*** Block opens ***

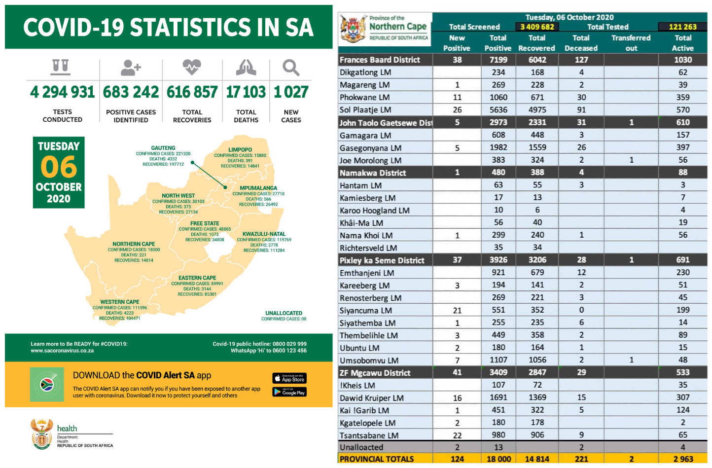 Northern Cape Stats: https://web.facebook.com/NCDOH2020/
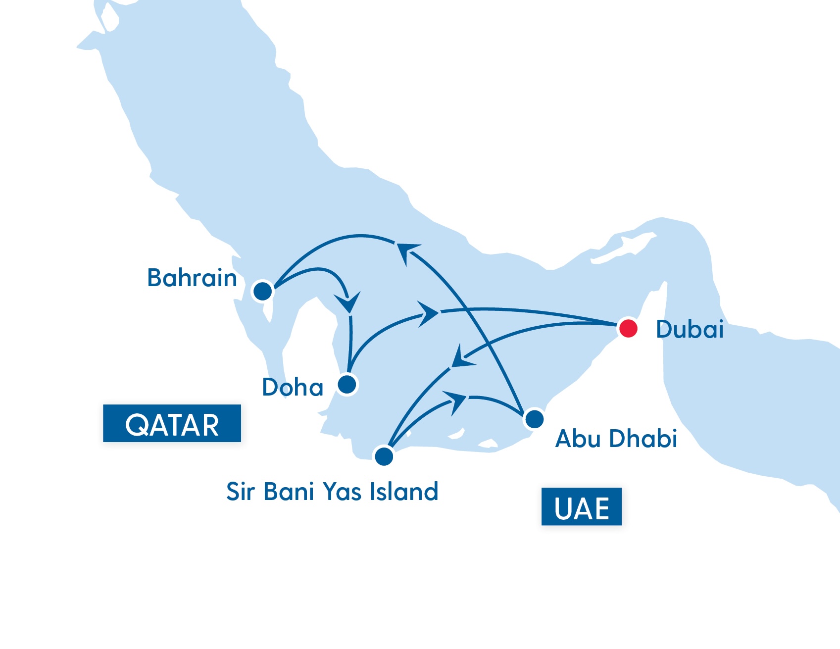 Your journey begins with a flight from the UK to Dubai, where you’ll settle in for a four-night stay, giving you ample time to explore the city at your own pace. After days spent discovering Dubai’s mix of modern marvels and cultural treasures, you’ll transfer to the port to embark on MSC World Europa. From there, your cruise takes you to the tranquil beaches of Sir Bani Yas Island, followed by the glittering skyline of Abu Dhabi. A relaxing day at sea offers time to unwind before arriving in Bahrain, then sailing on to vibrant Doha.
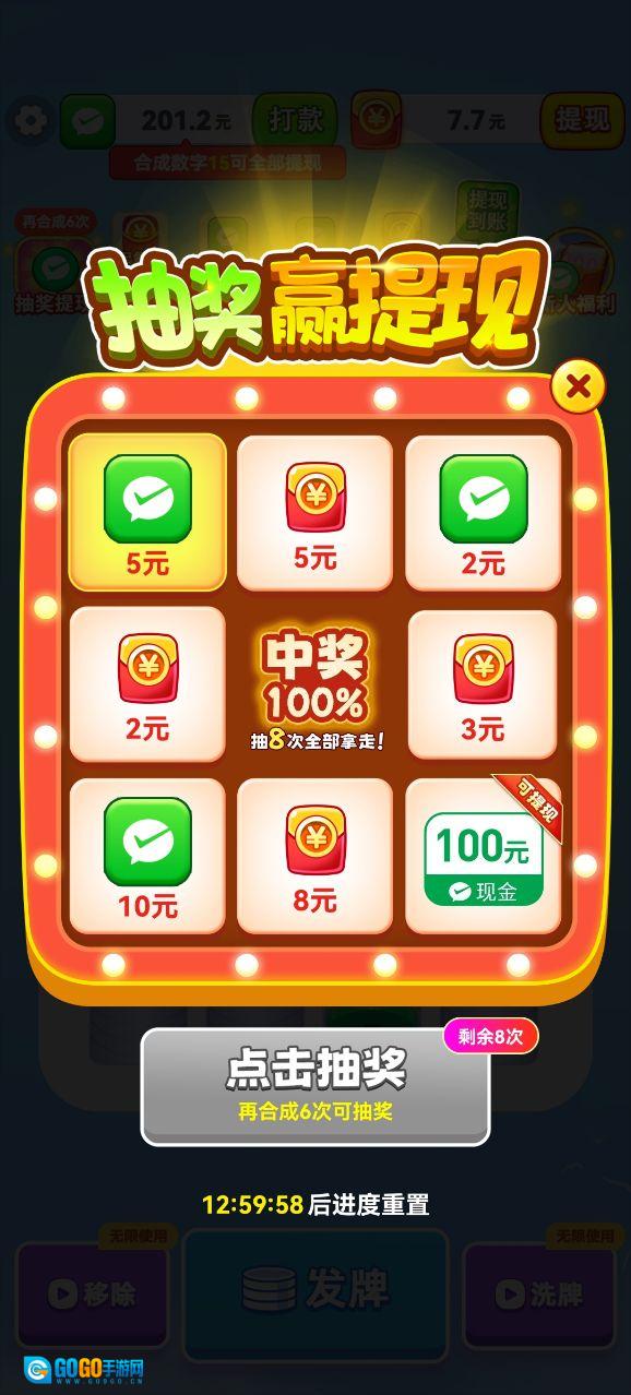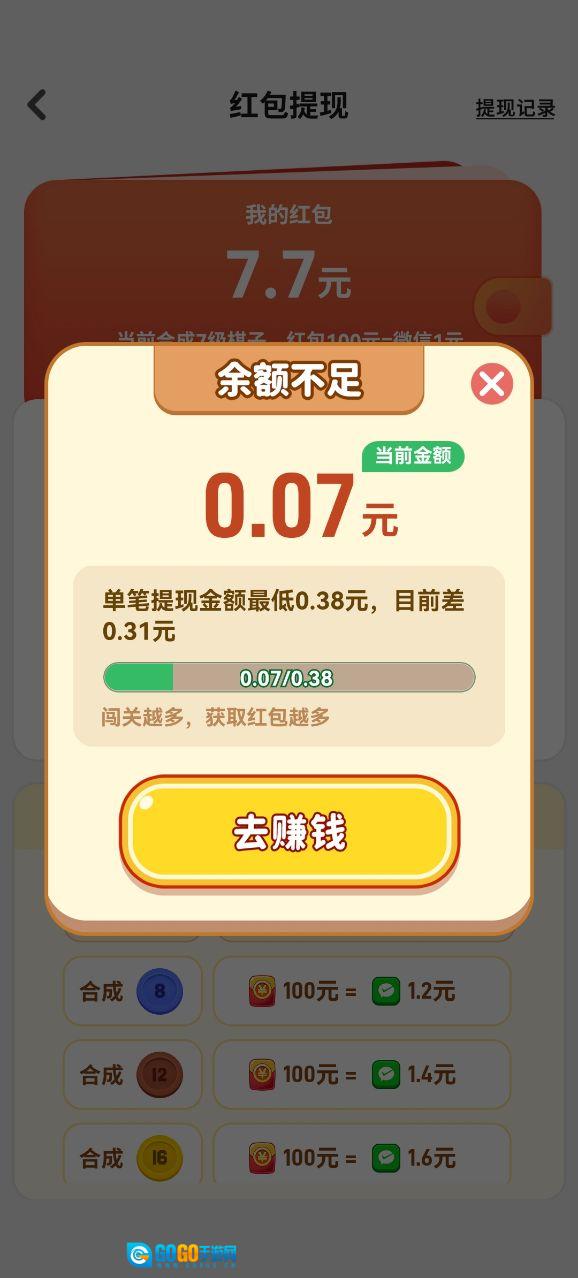 2、初始兑换比例设定为1%,当合成数字8时,比例提升至1.2%;合成数字12时,比例进一步上调至1.4%。兑换比例越高,最终到账的金额也就越多。
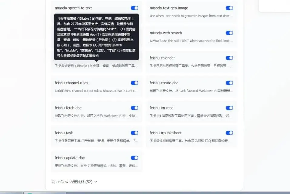 – 多维表格(BitTable)技能:开启feishu-bitable,这是AI生成施工甘特图、进度表的核心,能让AI直接创建、编辑、查询施工进度多维表;
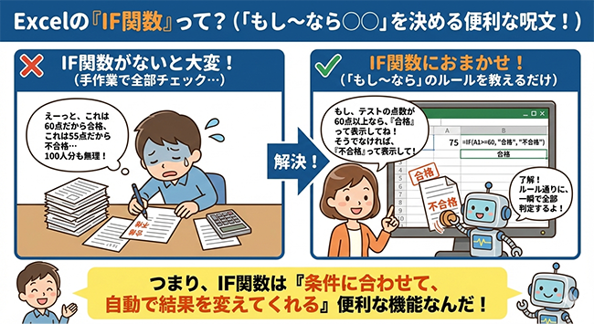 IF関数は「もし〇〇なら△△、そうでなければ□□」という条件判断を自動で行います。
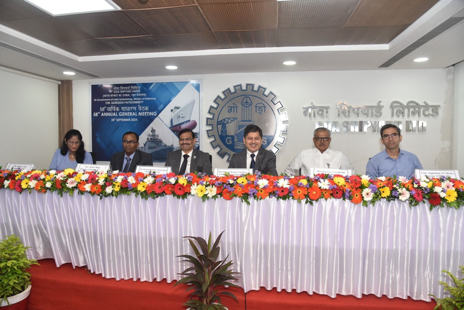 भागधारकांना १४०% लाभांश. रत्नागिरी : गोवा शिपयार्ड लि. ची ५८ वी वार्षिक सभा गोवा शिपयार्डच्या गोवास्थित कार्यालयात अध्यक्ष तथा मॅनेजिंग
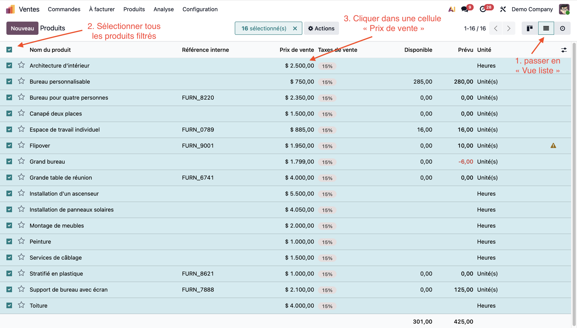 Il ne nous reste plus qu'à contempler le résultat : le prix de vente de notre sélection d'articles à bel et bien été mis à jour dans sa totalité !
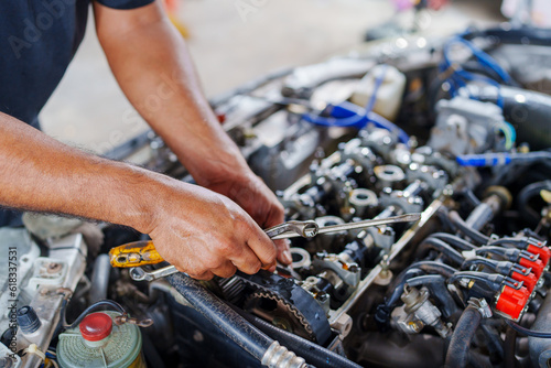 Auto mechanic repair engine in a car repair shop and Checking a car engine for repair at car garage.Car engine repair. Car service
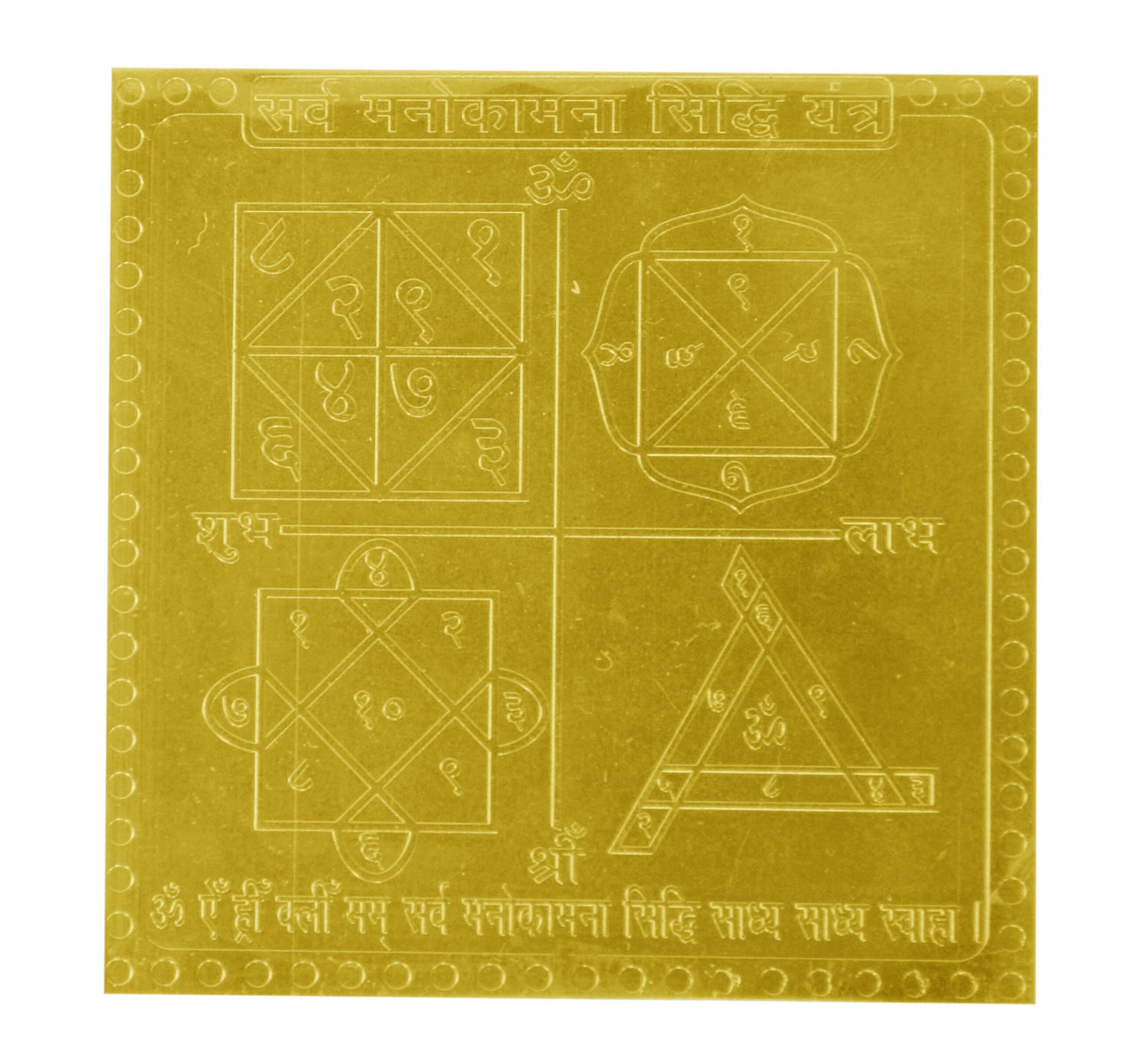 The word ‘Manokamna” means desire. As the name suggests, this yantra ensures that a person’s desires are fulfilled. This numerical yantra, which is also infused with the positive energy of the Beej mantra, makes for an ideal gift for someone whom you wish to see blessed with good fortune and prosperity. Around the outer squares of the grid, there are lotus petals with ‘’Hrim’’ inscribed in it, the powerful and extremely potent Beej mantra . It is considered an auspicious and lucky talisman to possess as it not only fulfills desires but also increases inflow of money. It is suggested that the yantra be installed on a Thursday facing the North East. Keywords: potent, powerful, prosperity, fortune, luck, talisman, fulfillment of desires.
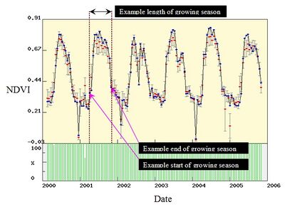 The evolution of the vegetation index through time, depicted by the graph above, exhibits a strong correlation with the typical green vegetation growth stages (emergence, vigor/growth, maturity, and harvest/senescence). These temporal curves are analyzed to extract useful parameters about the vegetation growing season (start of season, end of season, length of growing season, etc.). Other growing season parameters could potentially be extracted, and global maps of any of these growing season parameters could then be constructed and used in all sorts of climatic change studies.
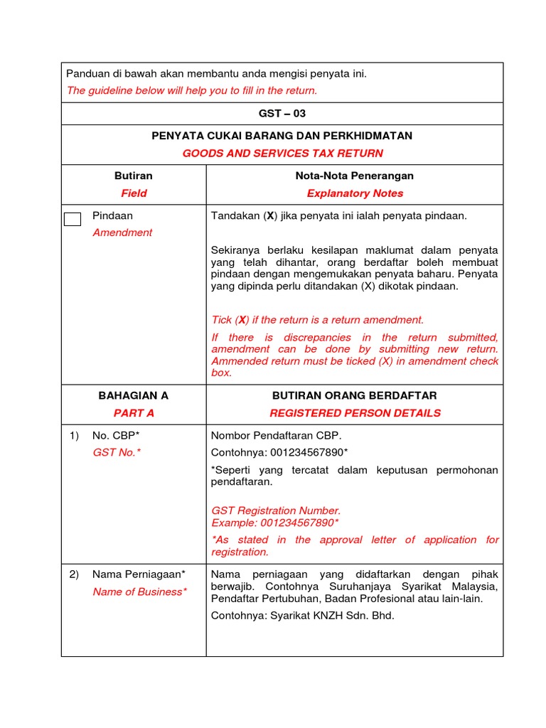 Gst 03 penyata cukai barang dan perkhidmatan goods and services tax return butiran field nota nota penerangan explanatory notes pindaan amendment tandakan x jika penyata ini ialah penyata pindaan. Panduan mengisi borang permohonan panduan guide. 03 8882 2100 2300 head quaters headquarters jabatan kastam diraja malaysia kompleks kementerian kewangan no 3 persiaran perdana presint 2 62596 putrajaya. Panduan di bawah akan membantu anda mengisi penyata ini.
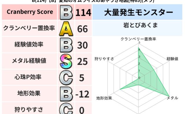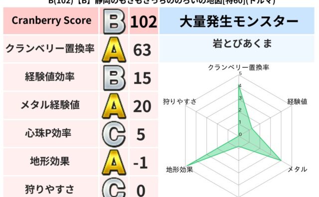 クランベリーボット判定結果の詳細クランベリースコア:102クランベリー置換率:63%大量発生モンスター:岩とびあくまドルマ超耐性(1%)こころ道 完全一致モンスターさまようよろいゴッドハンド(守護道Lv5)ストーンマンゴッドハンド(守護道L...

*** Block closes ***

_Task instructions_: Every line of the listing is to be retyped exactly; pictures stay out.

_Solution to this task_:
 Northern Cape Stats: https://web.facebook.com/NCDOH2020/
 Your journey begins with a flight from the UK to Dubai, where you’ll settle in for a four-night stay, giving you ample time to explore the city at your own pace. After days spent discovering Dubai’s mix of modern marvels and cultural treasures, you’ll transfer to the port to embark on MSC World Europa. From there, your cruise takes you to the tranquil beaches of Sir Bani Yas Island, followed by the glittering skyline of Abu Dhabi. A relaxing day at sea offers time to unwind before arriving in Bahrain, then sailing on to vibrant Doha.
 2、初始兑换比例设定为1%,当合成数字8时,比例提升至1.2%;合成数字12时,比例进一步上调至1.4%。兑换比例越高,最终到账的金额也就越多。
 – 多维表格(BitTable)技能:开启feishu-bitable,这是AI生成施工甘特图、进度表的核心,能让AI直接创建、编辑、查询施工进度多维表;
 IF関数は「もし〇〇なら△△、そうでなければ□□」という条件判断を自動で行います。
 भागधारकांना १४०% लाभांश. रत्नागिरी : गोवा शिपयार्ड लि. ची ५८ वी वार्षिक सभा गोवा शिपयार्डच्या गोवास्थित कार्यालयात अध्यक्ष तथा मॅनेजिंग
 Il ne nous reste plus qu'à contempler le résultat : le prix de vente de notre sélection d'articles à bel et bien été mis à jour dans sa totalité !
 Auto mechanic repair engine in a car repair shop and Checking a car engine for repair at car garage.Car engine repair. Car service
 The word ‘Manokamna” means desire. As the name suggests, this yantra ensures that a person’s desires are fulfilled. This numerical yantra, which is also infused with the positive energy of the Beej mantra, makes for an ideal gift for someone whom you wish to see blessed with good fortune and prosperity. Around the outer squares of the grid, there are lotus petals with ‘’Hrim’’ inscribed in it, the powerful and extremely potent Beej mantra . It is considered an auspicious and lucky talisman to possess as it not only fulfills desires but also increases inflow of money. It is suggested that the yantra be installed on a Thursday facing the North East. Keywords: potent, powerful, prosperity, fortune, luck, talisman, fulfillment of desires.
 The evolution of the vegetation index through time, depicted by the graph above, exhibits a strong correlation with the typical green vegetation growth stages (emergence, vigor/growth, maturity, and harvest/senescence). These temporal curves are analyzed to extract useful parameters about the vegetation growing season (start of season, end of season, length of growing season, etc.). Other growing season parameters could potentially be extracted, and global maps of any of these growing season parameters could then be constructed and used in all sorts of climatic change studies.
 Gst 03 penyata cukai barang dan perkhidmatan goods and services tax return butiran field nota nota penerangan explanatory notes pindaan amendment tandakan x jika penyata ini ialah penyata pindaan. Panduan mengisi borang permohonan panduan guide. 03 8882 2100 2300 head quaters headquarters jabatan kastam diraja malaysia kompleks kementerian kewangan no 3 persiaran perdana presint 2 62596 putrajaya. Panduan di bawah akan membantu anda mengisi penyata ini.
 クランベリーボット判定結果の詳細クランベリースコア:102クランベリー置換率:63%大量発生モンスター:岩とびあくまドルマ超耐性(1%)こころ道 完全一致モンスターさまようよろいゴッドハンド(守護道Lv5)ストーンマンゴッドハンド(守護道L...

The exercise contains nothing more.